▸ RECORDS FOR PROCESSING:
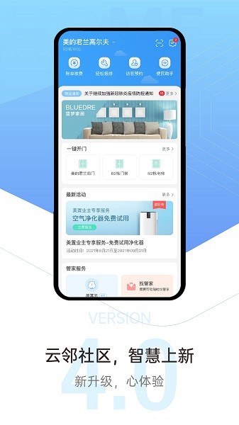 云邻社区是一款为美的置业业主打造的应用,提供丰富的线上物业服务、智能化的社区及家居控制与管理功能、有趣的社区活动资讯和优惠的社区商城,让业主智享美好生活。
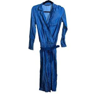 Zara Blue Chambray Wide Leg Denim Look Jumpsuit Size XS NWOT
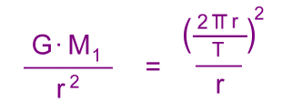 To determine the mass of a planet, it must have a satellite. Scientists need to know two things: how long it takes the satellite (a moon) to orbit the planet (called the period), and how far away the moon is from the centre of the planet. Both of these values have long been measureable; Galileo did it for the moons of Jupiter. Newton's Universal Law of Gravitation can be used to calculate the mass of any astronomical body that has a moon. However, Newton couldn't do it because the magnitude of the constant 'G' in the formula was not known at the time. The value of G was finally experimentally determined by Henry Cavendish in the 18th century to be the extemely small force of 6.67 x 10-11 Newtons between two objects weighing one kilogram each, and separated by one metre. It now became possible to find a formula to calculate a planet's mass! Here's how the formula is derived. Let's start with Newton's Universal Law of Gravitation: ![]() M1 is the mass of the planet m2 is the mass of the moon r is the distance between the planet and moon We'll also use the formula for centripetal force: ![]() v is the orbital velocity of the moon Finally, we'll need a formula for orbital velocity, based on the fact that the moon's speed, assuming a nearly circular orbit, is the total distance travelled in one orbit divided by the time to complete one orbit (the period). These are 2πr and T. ![]() We'll begin by recognizing that the gravitational force Fg holding the moon in orbit about the planet must be equal to the centripital force Fc: ![]() M1 is the mass of the planet m2 is the mass of the moon ![]() Divide both sides by m2 to eliminate it ![]() Substitute the orbital velocity formula for v Now we solve for M1, the mass of the planet: ![]() This leaves us with a formula for the mass M1 of a planet with a moon: ![]() r is the moon's radius of orbit G is the Gravitational Constant T is the period of the moon's orbit Notice a few things: - The similarity to Kepler's Second Law - The fact that we do not need to know the mass of the orbiting moon This is a powerful formula. It can be used, for example, to find such things as the mass of other stars with planetary systems, or the mass of a black hole that has a star orbiting it! Let's use the formula to calculate the mass of Jupiter. |
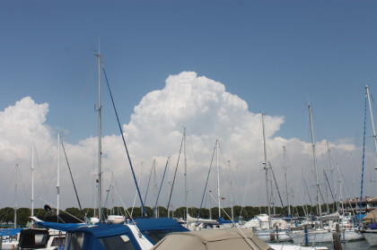 Wetter hat uns ein klein wenig verschaukelt. Just zum Zeitpunkt des Auslaufens gab es ein kleines, heftiges Gewitter. Also sagten wir uns, das tun wir uns nicht an, wir fahren Samstag raus.
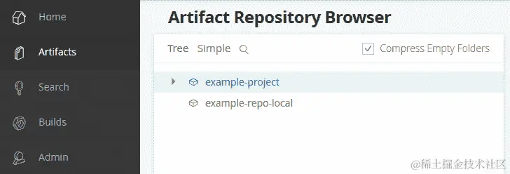 在左侧菜单中点击“Artifacts”选项卡。你应该在“Artifact Repository Browser”下看到你的仓库,如下截图所示:
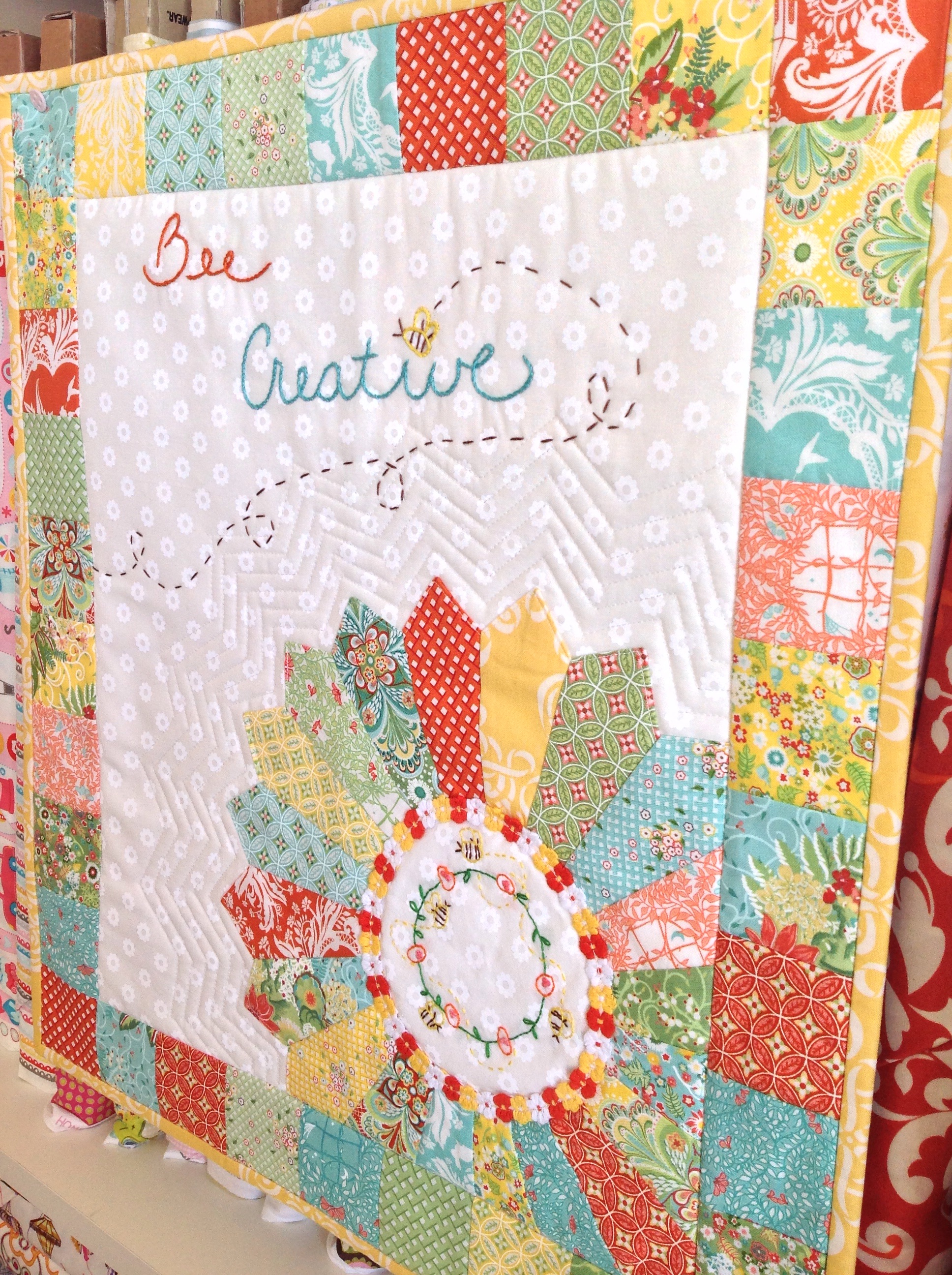 Most of my fabrics were Central Park & Fandango by Kate Spain. I made the tree leaves from just a charm pack. And trees can’t grow without sunshine, right?
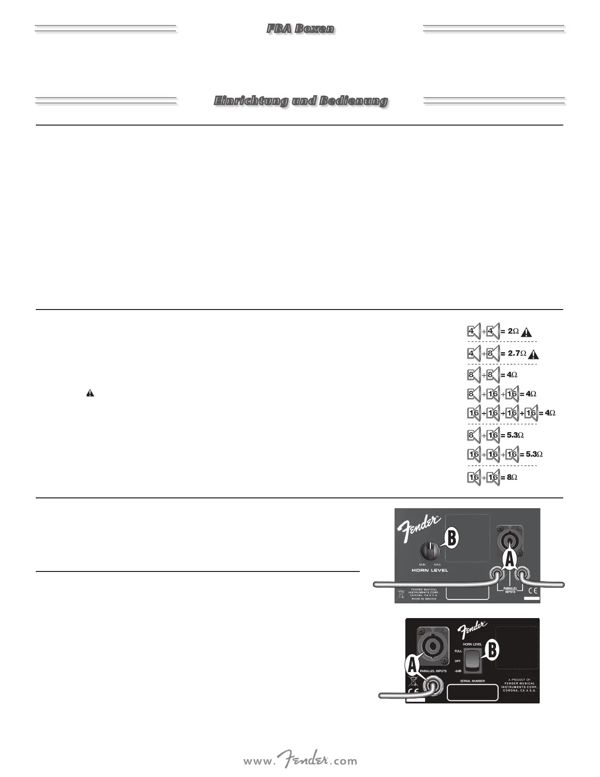 bestimmte Boxenkombination für Ihren Amp geeignet ist. HINWEIS: Alle Fender® Bassboxen sowie die meisten
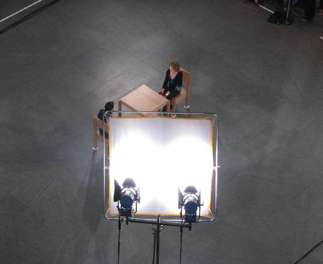她的行为作品总是在发射艺术之星,让她变成圣人或明星。但是我们的解读不应该照本宣科,阿布拉莫维奇用眼神进行交流(仅仅是坐在观者的对面)的那种可爱的、平等主义的观念到底有什么问题?在表演过程中,一些实际的问题和安全问题都被考虑在内。但是博物馆墙上的题签、新闻稿和网站都在强调一个看似技术性的细节:博物馆营业的时候她就会就位,直到最后一位参观者离开。为什么?她为什么一定要让观众看到她走进展厅坐在桌前这个过程呢?她可以完全像普通人一样行动,不过这也是整个展览极力否定之处。
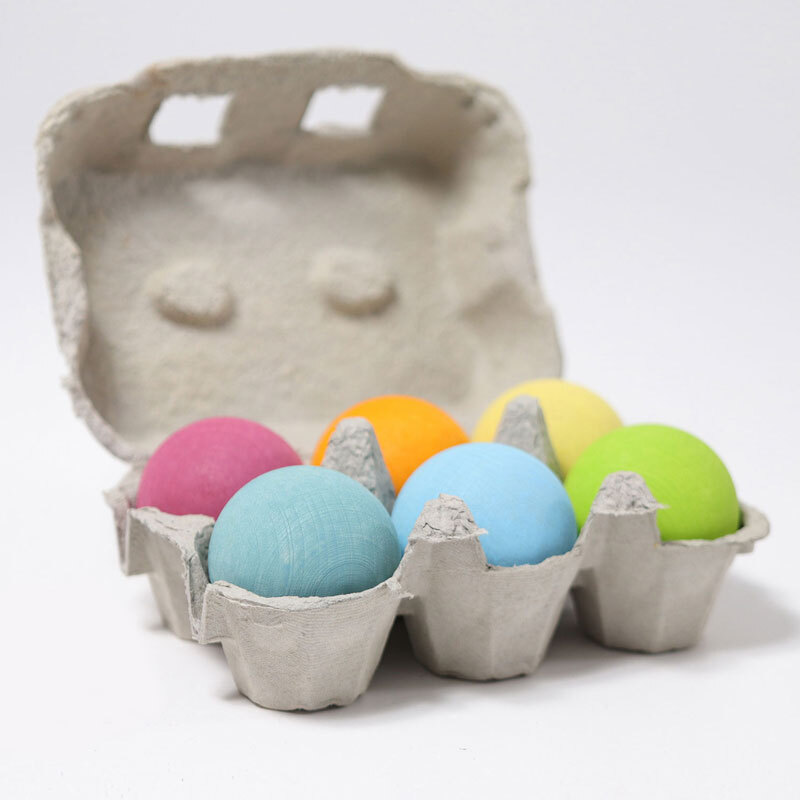 Grimm's 6 Wooden Balls Pastel are perfectly round and all individual hand-painted in new pastel colours. Perfect for playing in combination with Grimm's rainbows, bowls or boxes.

▸ EXERCISE OBJECTIVE:
Retype, exactly and with no pictures, everything above from the line with "Wetter hat uns" down to the line with "她的行为作品总是在发射艺术之", both included.

▸ RESULT OF THE TASK:
 Wetter hat uns ein klein wenig verschaukelt. Just zum Zeitpunkt des Auslaufens gab es ein kleines, heftiges Gewitter. Also sagten wir uns, das tun wir uns nicht an, wir fahren Samstag raus.
 在左侧菜单中点击“Artifacts”选项卡。你应该在“Artifact Repository Browser”下看到你的仓库,如下截图所示:
 Most of my fabrics were Central Park & Fandango by Kate Spain. I made the tree leaves from just a charm pack. And trees can’t grow without sunshine, right?
 bestimmte Boxenkombination für Ihren Amp geeignet ist. HINWEIS: Alle Fender® Bassboxen sowie die meisten
她的行为作品总是在发射艺术之星,让她变成圣人或明星。但是我们的解读不应该照本宣科,阿布拉莫维奇用眼神进行交流(仅仅是坐在观者的对面)的那种可爱的、平等主义的观念到底有什么问题?在表演过程中,一些实际的问题和安全问题都被考虑在内。但是博物馆墙上的题签、新闻稿和网站都在强调一个看似技术性的细节:博物馆营业的时候她就会就位,直到最后一位参观者离开。为什么?她为什么一定要让观众看到她走进展厅坐在桌前这个过程呢?她可以完全像普通人一样行动,不过这也是整个展览极力否定之处。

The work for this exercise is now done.